In 2002, the FDA approved radioembolization with SIR-spheres (20-60-μm spheres, while terminal arterioles are usually 10-40 μm in diameter while capillaries average 8 μm in diameter for humans, and 3 μm in rodents) based on a study by Gray et al[87] that administered resin microspheres through a hepatic arterial infusion pump (whole liver treatment) in the context of floxuridine (FUDR) and compared this to FUDR alone. Tumor volume response (50% vs 24%), carcinoembryonic antigen response (72% vs 47%), median liver time to local progression (16 mo vs 10 mo) and survival (39% vs 29% at 2 years, 17% vs 6.5% at 3 years, and 3.5% vs 0% at 5 years) all reached statistical significance. There were no significant differences in grade 3/4 toxicities or quality of life measures. Unfortunately, the company funding the trial did not extend this trial until reaching the OS endpoint.

The summary of current evidence for yttrium-90 is that there is a strong trend toward prolongation of liver PFS, PFS, and the universal endpoint of OS when yttrium-90 is added to systemic treatments in early and late lines of treatment based on small randomized controlled trials. The safety profile of yttrium 90 treatments, especially regarding gallbladder and biliary complications, has matured over time and this procedure has very low morbidity when done by well-trained operators at experienced centers[88,89].

The only randomized controlled trial comparing SIRT + chemotherapy to systemic chemotherapy alone was done by Van Hazel et al[90] who showed statistically significant doubling in PFS when SIRT was used as a first-line therapy. The forthcoming FOXFIRE and SIRFLOX studies will carry this concept into the modern chemotherapy regimens by using oxaliplatin in combination with SIRT. EPOCH will investigate the use of Theraspheres, glass microspheres that have a higher per-sphere radiation dose and are less embolic than SIR-Spheres resin microspheres. Some hypothesize that Theraspheres may fare better because the treatment is less embolic, which allows consistent delivery of the entire radioactive dose without concern for reflux, and facilitates oxygenation of the irradiated tissue (tumor destruction in radioembolization occurs by oxygen free-radical formation, therefore embolization is actually counterintuitive in this setting). The literature regarding radioembolization for mCRC CLM is highlighted in Table 7.
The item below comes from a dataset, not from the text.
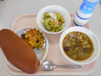 くろロールパン かぼちゃ入りチーズ焼き とうがんのカレースープ 枝豆とひよこ豆のサラダ 牛乳です。
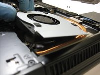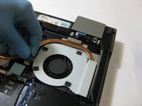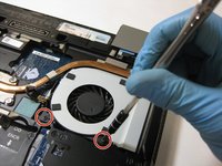 Unscrew the two 5.5 mm screws securing the fan.

Herpes simplex virus (HSV)-1 is a virus that has been extensively studied and is known to use host cell machinery to replicate upon gaining entry into cells. Interestingly, the genome of HSV-1 is large but only a few genes are necessary for replication. This leaves space for genetic engineering to create a mutant virus that can selectively infect tumor cells and, if needed, be neutralized by administration of acyclovir (a routinely available antiviral agent).

Specific to CLMs, interventional oncology will continue to play a role in advanced anti-cancer therapy due to the value of the biological payload and the need for organ-directed delivery, especially with the relatively hypovascular CLMs. A phase I open-label dose escalation study at MSKCC demonstrated safety of delivery of neoadjuvant NV1020 via the right hepatic artery in a tumor-specific fashion[91].